Joined again by Chris Pandolfo of CLOUDS COLLIDE on vocals, ‘Pendelum Grip’ has a bit of the much underrated SOFY MAJOR in its disjointed fragility, Stimpfl’s main instrument clearly in the fore, lending an almost martial air to the proceedings, albeit at Mach 4. ‘Forever Unseen’ flirts with post-core, KEELHAUL and KYLESA being sonic reference points, while the title track invites THE LOCUST over for a visit in its frantic panic-attack level spazz-out.

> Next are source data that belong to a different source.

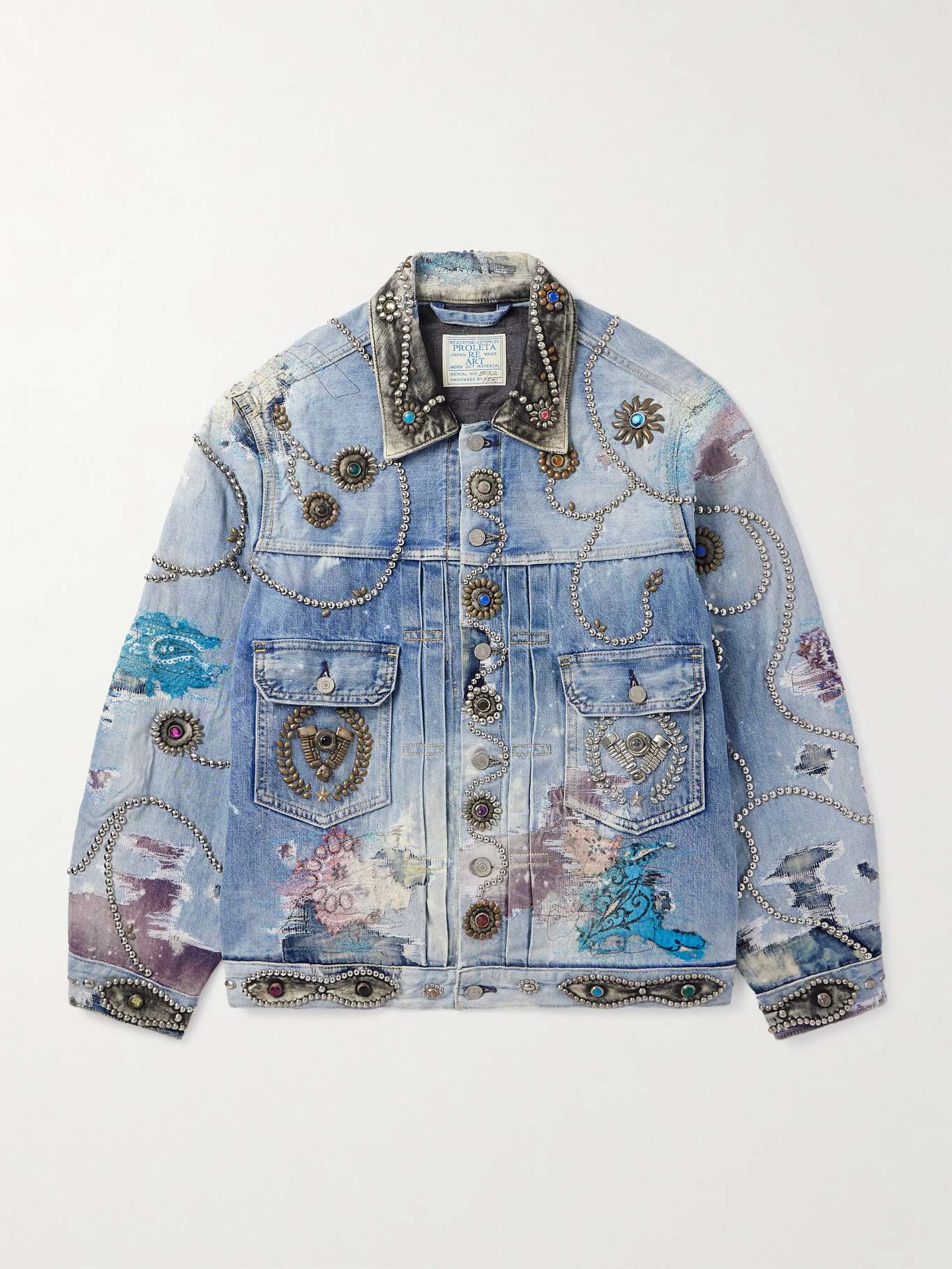 حصرياً لدى MR PORTER. تتميز علامة PROLETA RE ART اليابانية بالأسلوب الفريد من نوعه - وتقوم بتحويل ملابس العمال التقليدية إلى قطع مميزة من خلال استخدام تقنيات تراثية وتفاصيل خاصة. صُنع جاكيت التراكر هذا من الدنيم وزُين بدبابيس معدنية وأحجار كريستال ورُقع من الجلد بالإضافة لقطع قماشية مزينة بطبعات ودرزات بأسلوب ساشيكوويتم إنجازها كلها يدوياً بدقة وعناية.
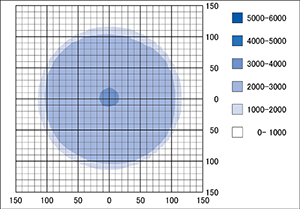 采用紫外线LED,输出更强 与SL-LED3W-FL-UV相比,中心的UV强度大约是SL-LED3W-FL-UV的两倍,并且可以均匀照射。
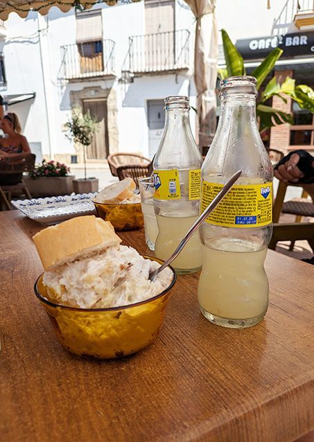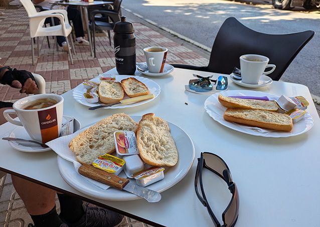 De 1e stop was in Ventas de Zafarraya: lekker een bak sterke koffie met een tostada con mantequilla y mermelade voor de snelle suikers. Daarna konden we de bidon bijvullen en gingen we weer op pad.
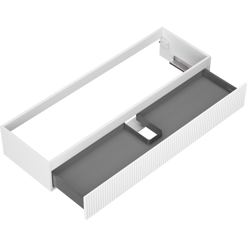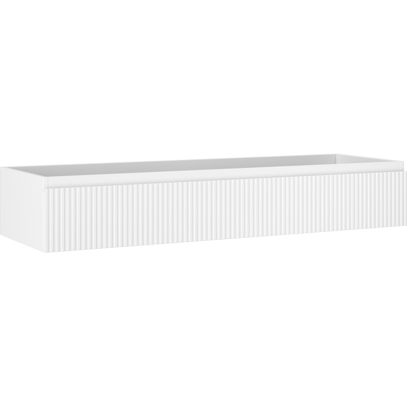 Specifikace produktu: Šířka: 140 cm Výška: 23,5 cm Hloubka: 46 cm Barva korpusu: Matná bílá Materiál korpusu: Lakovaná deska Barva čela: Matná bílá Materiál čela: Lakovaná MDF deska Struktura čela: Drážkovaná Počet zásuvek: 1 Prostorná zásuvka s funkcí tlumeného dovírání Plný výsuv pro snadný přístup k obsahu zásuvky Povrch odolný vůči UV záření Kombinovatelný s pracovní deskou nebo umyvadlem Otis, Vela Smontovaný produkt

While very little – if any – of what’s happening within Unraveled would have fit in SECRET CUTTER, it’s clear that ORPHAN DONOR is of the same bloodline, distantly, moments of ‘My Friend, The Hornet’ painting with the same wide, Jackson Pollock-inspired palette. More an aural collage than a standard song, closer ‘Celestial Mourning’ is a feast for the ears at 11 minutes, and the reason a vinyl press and headphone listen makes sense.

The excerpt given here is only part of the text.